For the data below, give again exactly the lines from the one containing "Enjoy your favorite" through the one containing "Zarząd Fundacji UWIERZCIE", both ends included, and no others.

* _RECORDS PROVIDED_
++++

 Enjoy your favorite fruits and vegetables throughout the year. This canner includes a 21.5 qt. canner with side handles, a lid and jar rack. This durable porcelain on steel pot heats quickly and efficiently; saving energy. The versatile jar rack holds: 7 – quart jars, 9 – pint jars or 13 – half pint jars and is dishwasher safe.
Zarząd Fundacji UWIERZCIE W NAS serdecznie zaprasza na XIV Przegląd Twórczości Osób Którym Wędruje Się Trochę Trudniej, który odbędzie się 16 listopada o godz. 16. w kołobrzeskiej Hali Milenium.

++++

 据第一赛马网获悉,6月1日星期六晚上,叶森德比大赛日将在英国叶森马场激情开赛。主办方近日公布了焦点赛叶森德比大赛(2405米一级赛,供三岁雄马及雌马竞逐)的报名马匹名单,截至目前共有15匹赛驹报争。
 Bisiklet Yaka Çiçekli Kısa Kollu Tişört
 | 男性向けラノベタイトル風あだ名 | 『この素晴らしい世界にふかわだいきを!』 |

++++

* _ANSWER SPACE_
 Enjoy your favorite fruits and vegetables throughout the year. This canner includes a 21.5 qt. canner with side handles, a lid and jar rack. This durable porcelain on steel pot heats quickly and efficiently; saving energy. The versatile jar rack holds: 7 – quart jars, 9 – pint jars or 13 – half pint jars and is dishwasher safe.
Zarząd Fundacji UWIERZCIE W NAS serdecznie zaprasza na XIV Przegląd Twórczości Osób Którym Wędruje Się Trochę Trudniej, który odbędzie się 16 listopada o godz. 16. w kołobrzeskiej Hali Milenium.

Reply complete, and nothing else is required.